在中国的古代传说里,油炸更多代表一种酷刑,佛教传入中国后,与本土道教的地狱说法融合,油炸成为了地狱里对待犯人的一种惩罚方法。
凶手深恨受害人,受害人在她眼里,是一个完完全全的罪人。
沈晏舟默默松了口气,一般这种个人情绪十分浓烈的复仇方式,凶手都很好抓到,现在只要查清死者的身份,凶手也会呼之欲出。
他接着去看那条人小腿,小腿上痕迹分明,靠近腿肚那半边也有明显的油炸痕迹,但小腿骨这一侧却保存得相对完好,上面腐化的脉络都能看清楚。
沈晏舟眼睛微微一眯,他比划着小腿的长度,脑中飞快闪过之前查案时看到过的各种数值。
凶手用来油炸尸体的那口锅,不够宽,所以她不能完全把受害人的小腿塞进去。只能炸下面一部分。
但那也是一口很大的锅了,最起码直径与这截小腿的长度等长。
这种锅一般早点铺或者有油炸需求的小吃店比较多,待会回去让田震威带人走访一下附近的农贸市场,这种锅买的人不多,应该可以查到去的方向。
沈晏舟问旁边的警察:“报案人他们从下面捞上来的,只有这两块尸块吗?”
警察:“是的,他们在摸到那截小腿的时候,就,就匆忙跑上来了。”
下面臭气熏天,清理工下去也是要穿戴好防护装置的,沈晏舟打电话给魏丁,让他跟法医室说一声让苟胜利派人过来。
沈晏舟:“记得说一下这里的环境,让他们带好防具。”
不然苟赢翻脸的样子很恐怖的,津市沿江,如果苟赢突发奇想想去和水上派出所的同事交流一下,这帮人巨人观绝对看到饱,饱到接连两天饭都吃不下。
之前就有过一次,也是小警察传话的时候没说清楚尸体暴露的环境,致使苟主任带着一个小法医,穿着正常装备就过来了。
他跟在场警察大眼瞪小眼看了好一会,然后冷笑一声硬着头皮蹚下去了。
然后刑侦支队上下那个夏天都过得不太安稳,最后是沈晏舟出面做出郑重承诺,刑侦支队以后的零食柜,泡面柜与卤蛋柜将会与技术支队签订片面最惠队约定,并请技术支队搓了一顿好的,恩怨才就此一笔勾销。
魏丁明显也记得这件事,“放心吧老大,我是那种干事不牢靠的人吗?”
苟主任有点忙,这次就没亲自来,他的得意门生蔡法医代师出战。
经过半小时的打捞,蔡法医还往上往下都走了一段,最终只多捞出来一截人上臂。
蔡法医把防护服脱下来,吃惊地“嚯”了一声,“这人分得可真够碎的,多大仇啊。
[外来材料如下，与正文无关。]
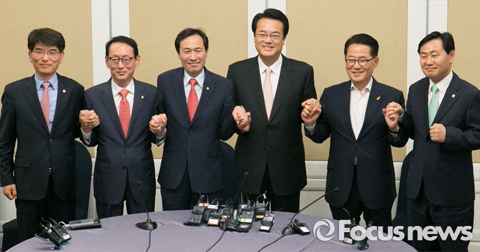 (서울=포커스뉴스) 19일 오후 서울 여의도 국회 귀빈식당에서 20대 국회 원구성 등 협상을 위해 열린 3당 원내대표 회동에 참석한 의원들이 포즈를 취하고 있다. 왼쪽부터 우상호 더불어민주당 원내대표, 정진석 새누리당 원내대표, 박지원 국민의당 원내대표.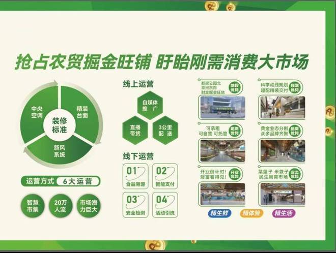 产品优势:摊位面积5㎡-7㎡,根据商家要求定制化摊铺标准,完全满足各类客户投资或自营需求
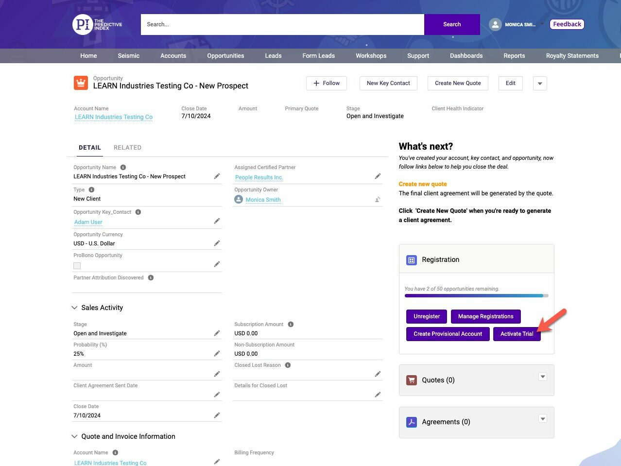 In ForceBC, locate the registered opportunity and select Activate Trial.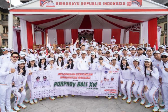 Bupati Badung l Wayan Adi Arnawa mengukuhkan serta melepas kontingen Kabupaten Badung dalam rangka PORPROV Bali XVI Tahun 2025 bertempat di Lapangan Puspem Badung, Jumat (15/8).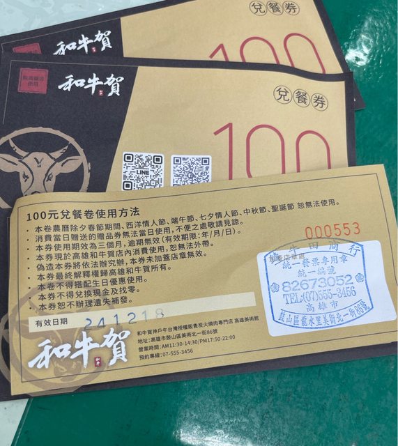 和牛賀餐券100元4張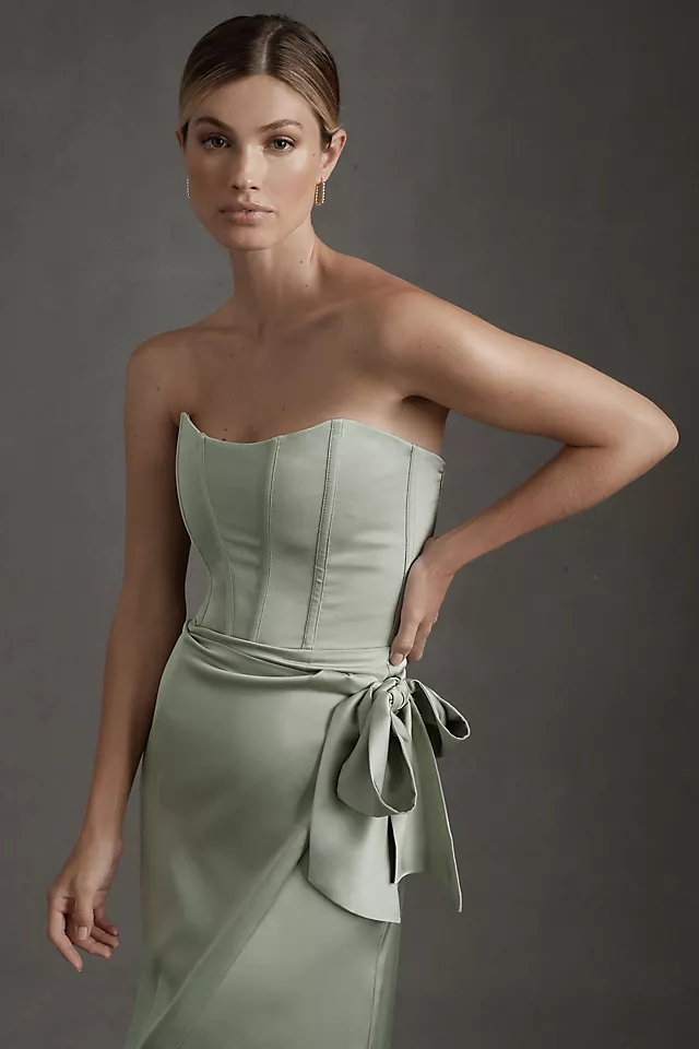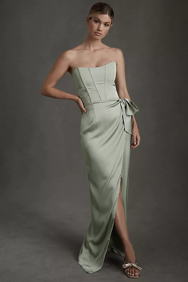 With an of-the-moment corset top and a semi-satin wrap skirt that falls gracefully from the waist, the June also features a side slit and soft bow detail.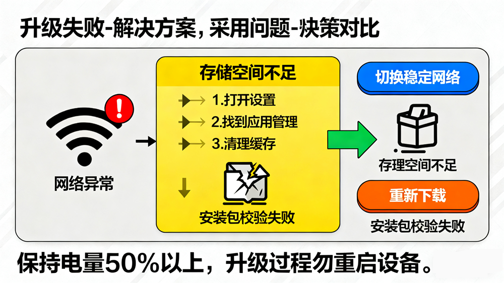 。最后,检查手机存储空间,确保有足够的空闲容量(通常需要几个GB)来存放安装包和完成更新

”
等人拍完照,蔡法医把骨头包圆拎回了市局。
报案人的情绪在裴果的安抚下终于稳定下来,他艰难地把之前看到的画面完整讲述一遍。
宋鹤眠心神一动,问道:“您当时扯开的头发,是长头发还是短头发。”
报案人:“当然是长头发,我们之前清理的时候也遇到过这种情况,都是长头发。”
宋鹤眠:“您还记得那头发,是乱乱地打结在一起,还是被人缠上去的吗?”
报案人露出恍惚神色,他“嘶”了一声,努力回忆着,最后只能苦着脸摇头,“我记不清了,感觉就和之前几次遇见的一样,这咋区分是缠上去的还是打结的。”